_Task prompt:_ Below are lines of records; copy exactly those from the one containing "Dr.in Pokorny-Reitter (Seite" through the one containing "Świetna drewniana zabawka", leaving the pictures behind.
[Data for analysis Boundary: Start]
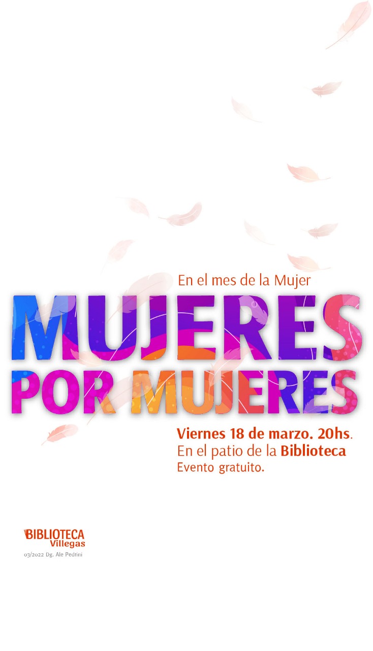 MUJERES X MUJERES En el mes de la mujer, y en el primer evento para adultos del año, rescatamos las figuras de: Susana Cañibano, Hebe Uhart, Catalina Frolik y María Elena Walsh, mujeres relevantes para el mundo de los libros. Música, lecturas y narraciones que nos convocan a detener la mirada en el legado de mujeres tan queridas de nuestra ciudad y nuestro país. Todas comparten el trabajo incansable por la infancia y la docencia, por las historias y los libros, por la dignidad humana, desde el compromiso, la creatividad, el genio y una humildad tan grande como todo lo anterior. Este viernes 18 de marzo a las 20 hs los invitamos a disfrutar,a recordar y emocionarse con Susana, Hebe, Catalina y María Elena. ¡Los esperamos! [Actividad gratuita]
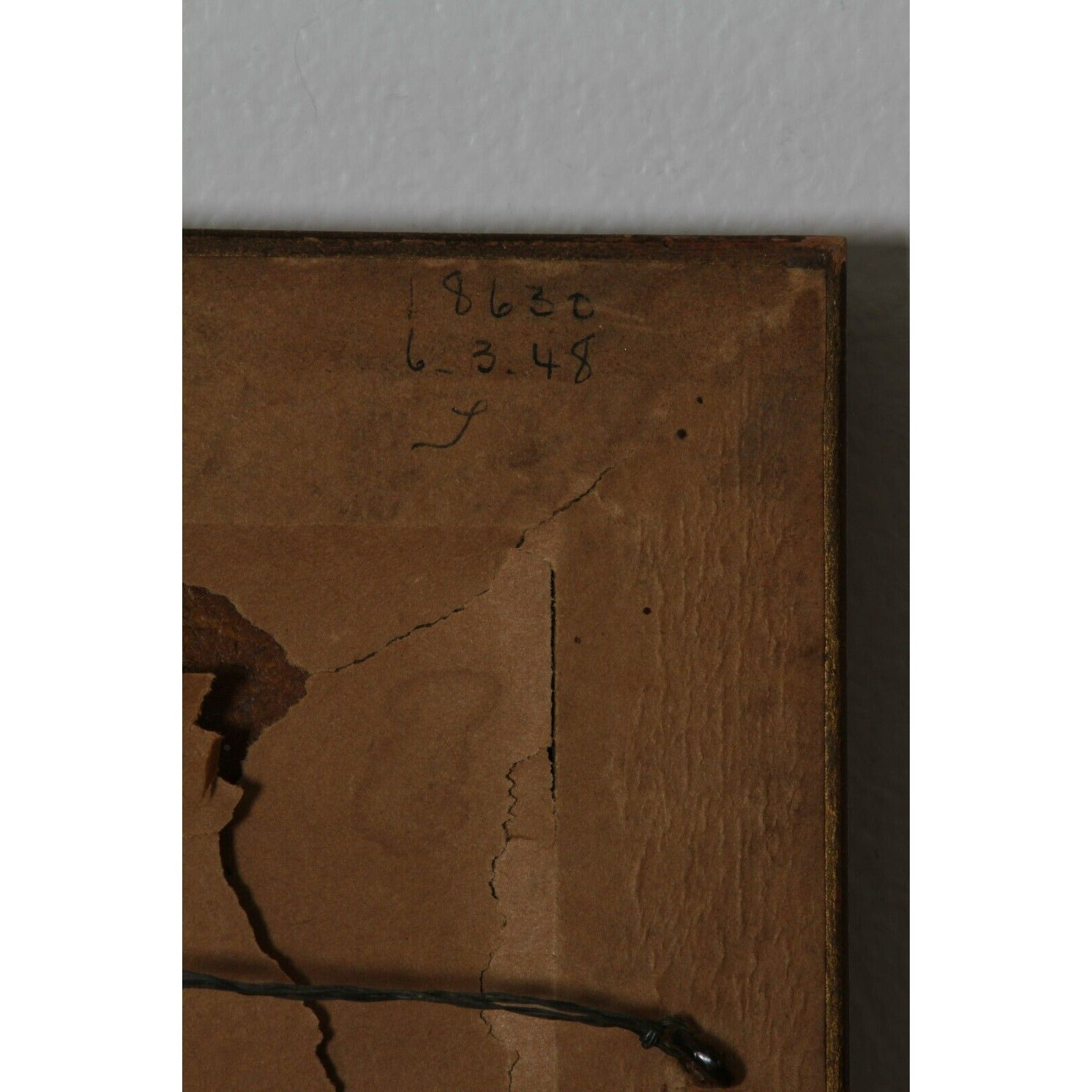 Piece is in Moderate Vintage Condition. Paint has some tobacco stains and a trail of solvent. Minor damage to reverse of frame. See photos for details.
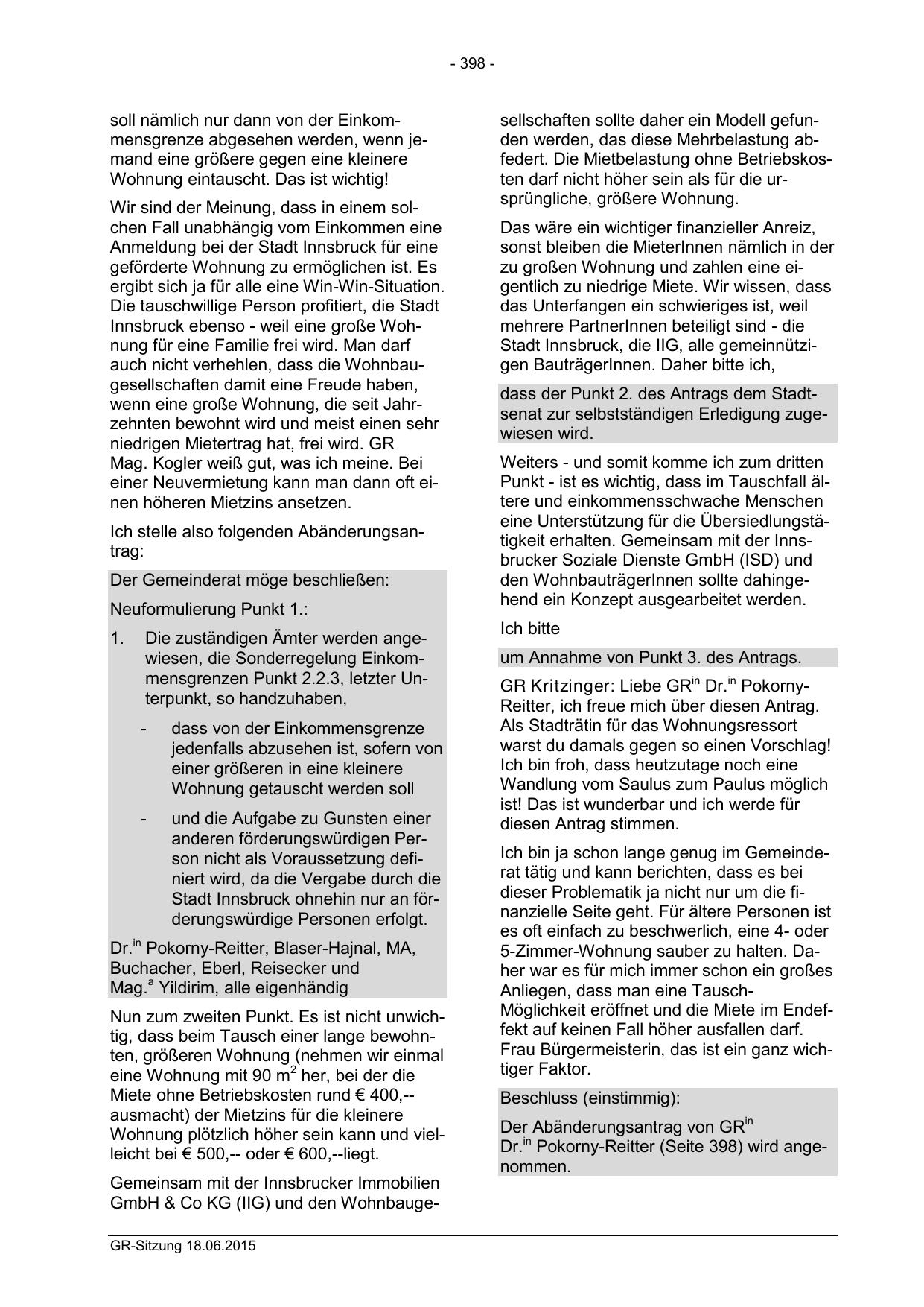 Dr.in Pokorny-Reitter (Seite 398) wird angenommen.
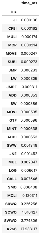 println!("{:?}\t{:?}", instruction.opcode(), start.elapsed().as_nanos());at the end of the function.
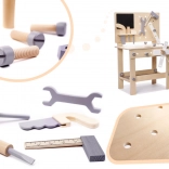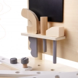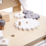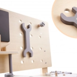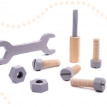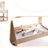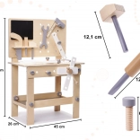 Świetna drewniana zabawka zestaw narzędzi dla małych dzieci, które chcą naśladować dorosłych i odkrywać świat wokół siebie. Dzięki bogatemu wyposażeniu dzieci mogą poczuć się jak prawdziwi mistrzowie w swojej dziedzinie.
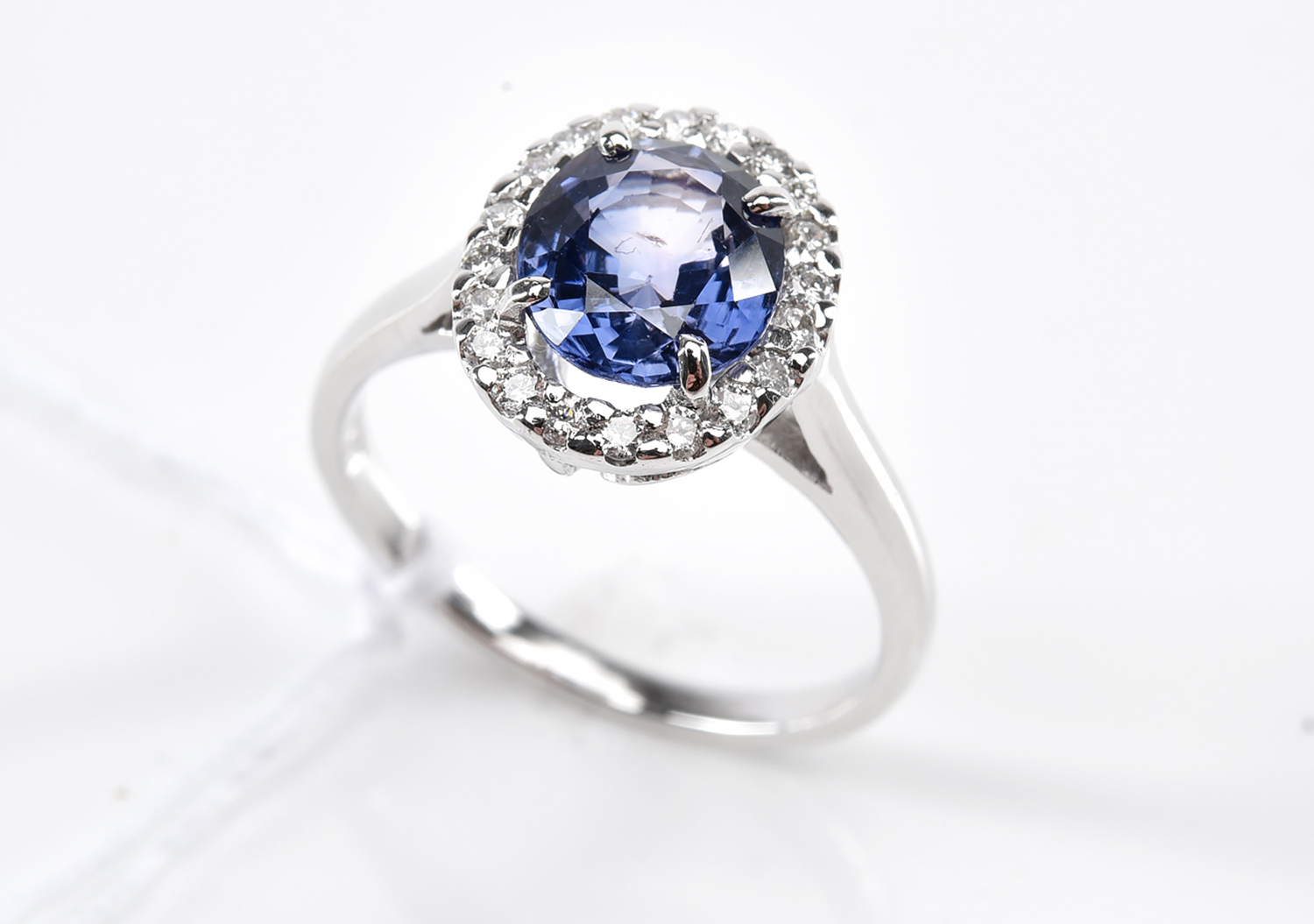 A SRI LANKAN INDIGO BLUE SAPPHIRE (WEIGHING 2.25CTS) CLUSTER RING, IN 18CT WHITE GOLD, SIZE N, WITH AIG REPORT STATING NO INDICATION OF HEAT, 3.6GMS
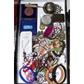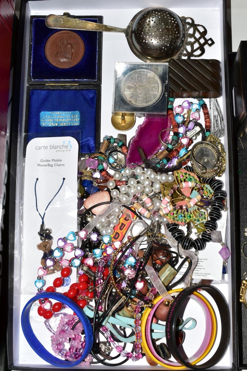 A SELECTION OF COSTUME JEWELLERY, to include mainly modern costume jewellery, bracelets, rings, necklaces, two commemorative coins, a tea strainer spoon etc
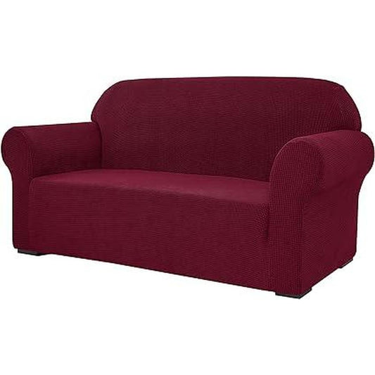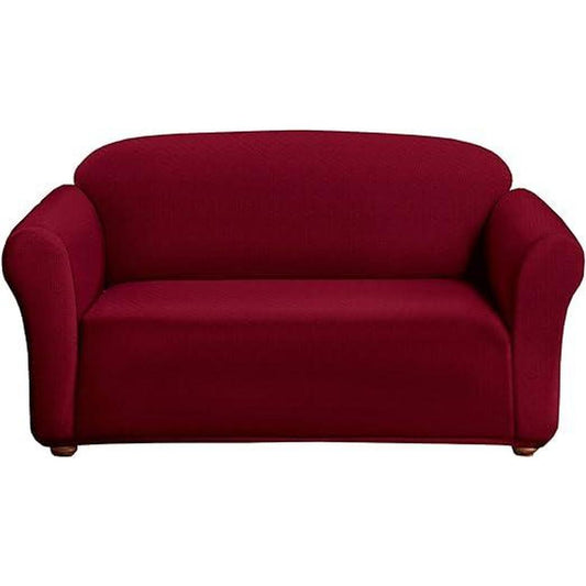 "Milan Jacquard Loveseat Slipcover - Stylish Fitted Couch Cover with Soft Stretch Fabric and Non-Slip Design" BURGUNDY
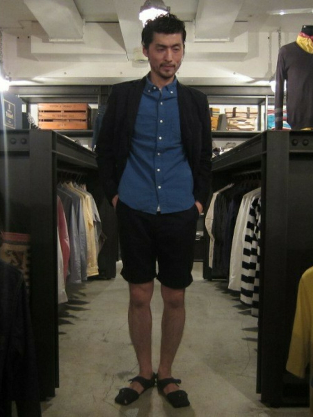 本日は気温も落ち着いてきたので、セットアップで。 ショーツにサンダルで軽さを演出。 ブルーも効いています。
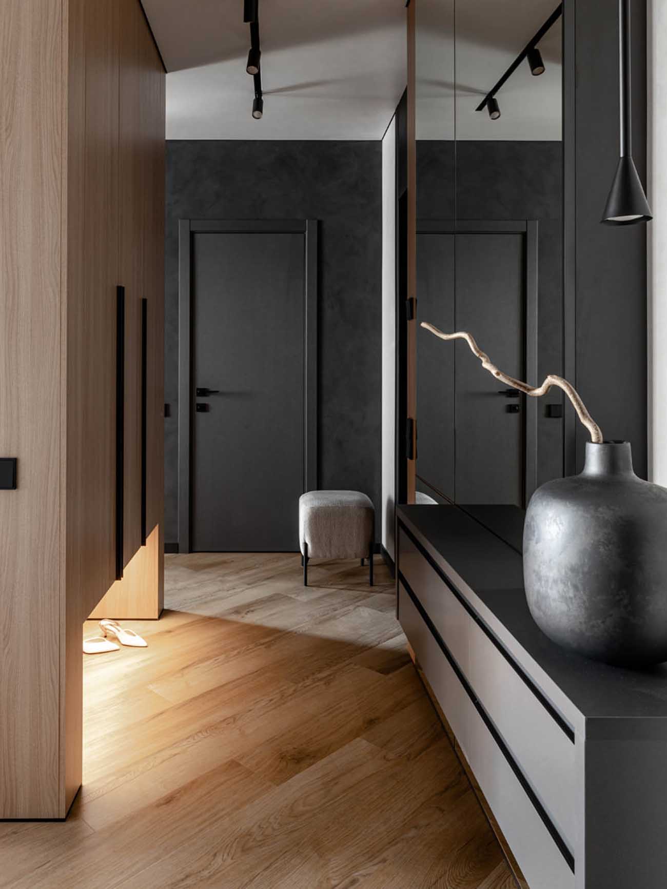 Az előszobába lépve azonnal érzékelhető a következetes anyaghasználat: a meleg fa felületek és a sötét, matt szürke elemek elegáns kontrasztja. A bejárati zónából a közösségi térbe lépve következik az egyik leginnovatívabb megoldás: a közlekedőben elhelyezett, nagyméretű gardróbszekrénybe integrált munkaállomás.
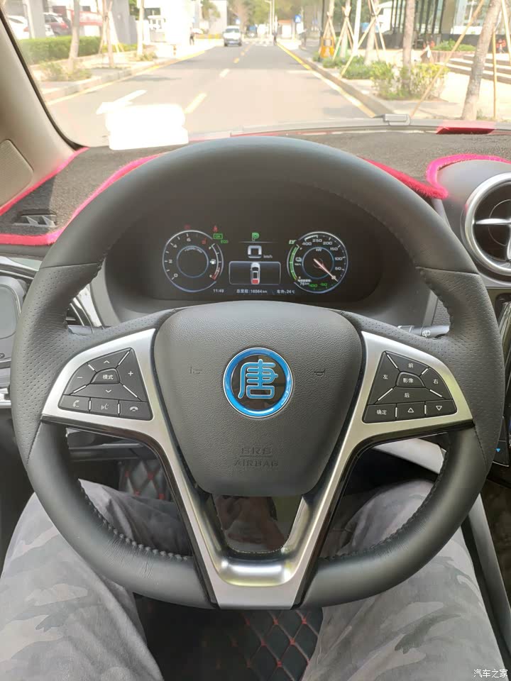 方向盘其实算是轻了, 调到最重也还是很轻, 转向还可以, 车头短也比较好看位置。 但是刹车不太行, 刚拿到车的时候挺硬的 ,刹车很好, 但是开了几千公里左后刹车越来越软, 越来越刹不住。 网上说是这一代唐通病 ,很多车主都有着问题。 以后有钱再打算改刹车,不然还是存在安全隐患的。 唐二代布雷博刹车和碳陶瓷刹车盘我非常喜欢, 可惜当时急着提车,没等到。这个车可能因为底盘高, 而且刹车不行的原因 ,急加速减速抬头和点头反应很明显。而且原厂胎感觉也不太行,起步踩的急一点一定会打滑 ,应该有很多老唐车主感同身受。
[Data for analysis Boundary: End]
_Task response:_
 Dr.in Pokorny-Reitter (Seite 398) wird angenommen.
 println!("{:?}\t{:?}", instruction.opcode(), start.elapsed().as_nanos());at the end of the function.
 Świetna drewniana zabawka zestaw narzędzi dla małych dzieci, które chcą naśladować dorosłych i odkrywać świat wokół siebie. Dzięki bogatemu wyposażeniu dzieci mogą poczuć się jak prawdziwi mistrzowie w swojej dziedzinie.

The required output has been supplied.